Just now, the leaders also mentioned long-term investment and patient capital. We believe that wealth management funds are long-term money, with the characteristics of "long-term money and long-term investment". But now we have not achieved "long money and long investment", and the biggest reason is due to the drawdown. The drawdown is related to two major factors of the customer itself: first, it is possible to overestimate its own risk tolerance; The second is that your judgment of the expected income is inaccurate, and the superposition of the two will cause very poor results.
In the process of asset allocation, I think there are three concepts that are more important: first, there must be a real allocation concept, not simply focusing on equity, otherwise the drawdown will be large; the second is to do a good job in the layout of real investor education and investor infrastructure; The third is the necessity of low-beta products and diversified investment.

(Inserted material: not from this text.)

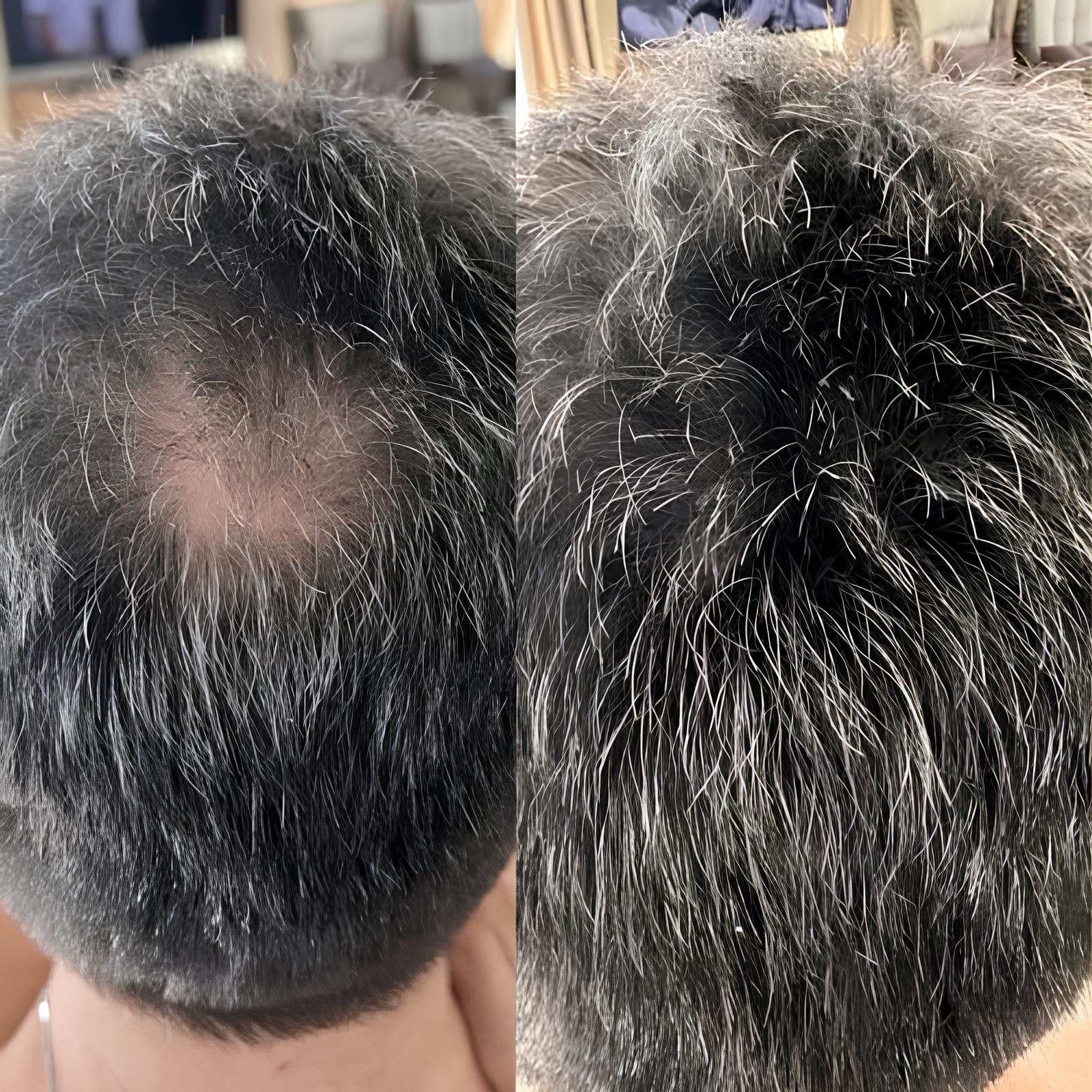 Prodotto eccezionale. Compre molto bene le parti diradate ed anche quei pochi capelli bianchi. Non è però adatto per coprire ampie zone bianche o ricrescita evidente (per quello bisogna usare prodotti coloranti). Da quando ho iniziato ad usarlo non ne posso fare a meno

For any emerging market, high volatility is a natural attribute, and "short bulls and long bears" are also natural attributes. When it comes to the risk management and allocation of retail customers, I think it is not enough to only allocate rights and interests, but to have corresponding supplementary allocation, and the more important thing is fixed income. From the perspective of global retail asset allocation, fixed income accounts for the majority or even the vast majority.
In terms of investor education, it is important for investors to know about themselves rather than about the product. The most important thing for self-perception is to know where your true risk tolerance is, and configure it according to the corresponding tolerance. I am afraid that my own risk tolerance is very low, but I feel that I can bear a high risk, which is an important source of relatively large losses. At the same time, to establish the right expectations, many people want to get a 10% return without risk, which is not possible.
In addition, within the scope of regulatory requirements, quantitative investment can still play an important role in the capital market and allocation, and bring investors investment returns through the diversification of strategies.
Finally, I would like to thank China Fund News again for the invitation. In the past ten years, China Fund News has made brilliant achievements, and I hope to speak more for the development of the fund industry and securities industry in the future, and bring more enlightenment to investors to improve their awareness.